Member of the New Jersey General Assembly from the 38th district
- In office February 20, 1997 – January 8, 2002 Serving with Rose Marie Heck
- Preceded by: Patrick J. Roma
- Succeeded by: Matt Ahearn

Personal details
- Born: Guy Francis Talarico August 28, 1955 (age 71)
- Party: Republican
- Alma mater: Lehigh University (BS) Fairleigh Dickinson University (MBA) New York Law School (JD)

= Guy Talarico =

American politician (born 1955)

Guy F. Talarico (born August 28, 1955) is an American lawyer and Republican Party politician, who served two full terms in the New Jersey General Assembly, where he represented the 38th Legislative District.

==Biography==
Talarico earned his undergraduate degree from Lehigh University with a major in Chemical Engineering, was awarded a Master of Business Administration degree from Fairleigh Dickinson University with a major in Management and received a J.D. from New York Law School in June 1986. He worked as a Vice President / Sales Executive at Chase Manhattan Corporation. He served as a member of the borough council in Oradell, New Jersey.

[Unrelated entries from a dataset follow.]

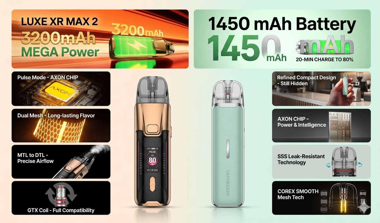 • Vaporesso LUXE XR MAX 2 vs LUXE Q3 Quick Comparison Review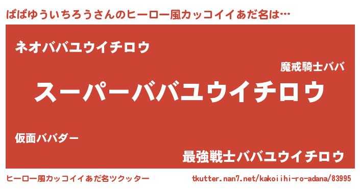 | 男性向けラノベタイトル風あだ名 | 『ばばゆういちろうに滅ぼされるだけの簡単なお仕事です』 |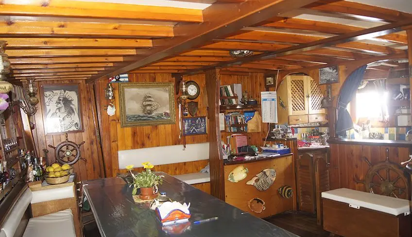 На борту судна располагаются 6 двухместных кают с двухспальной кроватью (возможно установить третью кровать).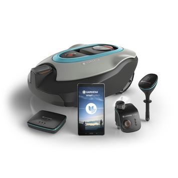 De smart system set van Gardena bevat alle smart producten voor een perfect en automatisch gazononderhoud en efficiënt besproeiing in uw tuin.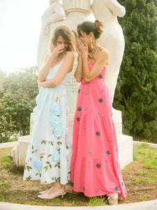 Tomboy looks, girly-girl styles, and an always fashionable approach define EDDY’s aesthetic. With a focus on bold and feminine silhouettes, EDDY dresses and tops pair elevated California bohemian with global inspiration; these are clothes designed to make you feel good inside and out. Meet the Valeria Dress in Lotus Garden Blue—a dreamy midi made for garden parties, golden hour, and everything in between. Crafted in blue cotton-linen with sculptural floral appliqué blooming across the skirt. Hand-placed petals, leafy embroidery, and a pearl-trimmed neckline add layers of quiet romance. Finished with a hidden side zip, delicate button skirt details, and a softly defined waist.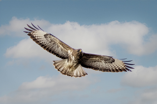 De buizerd is een middelgrote roofvogel met brede, ronde vleugels, bruine verenkleed en een karakteristiek zweefpatroon, veelal jagend op kleine zoogdieren en vogels.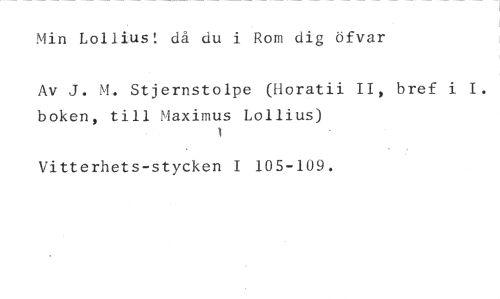 Min Lollius! då du i Rom dig öfvar //// Av J. M. Stjernstolpe (Horatii II, bref i I. boken, till Maximus Lollius) //// Vitterhets-stycken I 105-109.
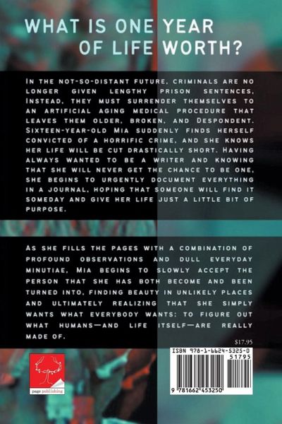 What is one year of human life worth? In the not-so-distant future, criminals are no longer given lengthy prison sentences. Instead, they must surrender years of their lives by subjecting themselves to an artificial aging medical procedure that leaves them older, broken, and despondent. Sixteen-year-old Mia suddenly finds herself convicted of a horrific crime, and she knows that her life will be cut drastically short. Having always wanted to be a writer and knowing that she will never get the chance to be one, she begins to urgently document everything in a journal, hoping that someone will find it someday and give her life just a little bit of purpose. As she fills the pages with a combination of profound observations and dull everyday minutiae, Mia begins to slowly accept the person that she has both become and been turned into, finding beauty in unlikely places and ultimately realizing that she simply wants what everybody wants: to figure out what humans-and life itself-are really made of.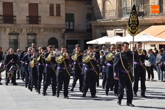 Tras ellos, fueron desfilando –espaciadas, para que se pudiera disfrutar de sus sones- el resto de agrupaciones, en el mismo orden en el que acabaron actuando en el Teatro Nuevo: la Banda de Cornetas y Tambores de la Cofradía de Jesús Amigo de los Niños de Ciudad Rodrigo, la Agrupación Musical La Esperanza de Salamanca, la Banda de Cornetas y Tambores Esperanza de Ciudad Rodrigo, la Agrupación Musical La Expiración de Salamanca, y la Banda de Cornetas y Tambores Pureza de Valladolid.

Talarico was chosen by Republican county committee members in February 1997 to fill the vacancy created when Patrick J. Roma stepped down from office to take a seat as a judge on the New Jersey Superior Court. He was elected to a full term in the Assembly in 1997 together with Rose Marie Heck of Hasbrouck Heights, and the two were re-elected in 1999. In redistricting following the 2000 census, Talarico was relocated to the 39th Legislative District and came in third in the 2001 Republican primary behind Charlotte Vandervalk and John E. Rooney. In the Assembly, Talarico served as Vice Chair of the Senior Issues and Community Services Committee and as a member of the Law and Public Safety Committee.

In August 1998, Talarico sponsored a bill that would require commitment for those with mental health issues if it is determined that it is likely that they will commit future crimes.

Talarico resigned as chairman of the Bergen County Republican Organization following the loss of Todd Caliguire in the Republican primary to Kevin J. O'Toole.

In January 2023, Talarico announced he was considering a state senate bid in the 38th Legislative District to challenge for seat held by Democratic incumbent Joseph Lagana.